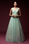 Bellissimo vestito verde in chiffon, con maniche lunghe, decorato con ricami in filo di seta ritorto con lurex e perline
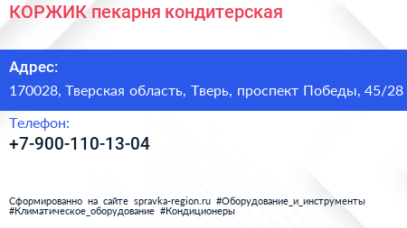 КОРЖИК, пекарня-кондитерская по адресу 170028, Тверская область, Тверь, проспект Победы, 45/28 в дальнейшем Организация, размещена в следующих категориях:
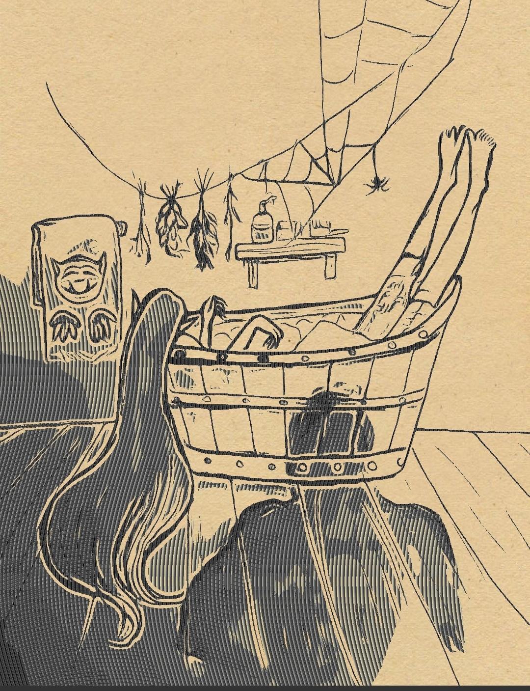 Так-то главы иногда не располагают к карикатурным зарисовкам. К примеру в одной из них героиня хоронит недавно обретенного друга. Вариаций с ними было штук шесть. Две лучшие боролись за публикацию:

■ What the exercise asks:
With every picture left out, print exactly the lines from the one containing "КОРЖИК, пекарня-кондитерская по" through the final line of the material above.

■ Solution to the exercise:
 КОРЖИК, пекарня-кондитерская по адресу 170028, Тверская область, Тверь, проспект Победы, 45/28 в дальнейшем Организация, размещена в следующих категориях:
 Так-то главы иногда не располагают к карикатурным зарисовкам. К примеру в одной из них героиня хоронит недавно обретенного друга. Вариаций с ними было штук шесть. Две лучшие боролись за публикацию:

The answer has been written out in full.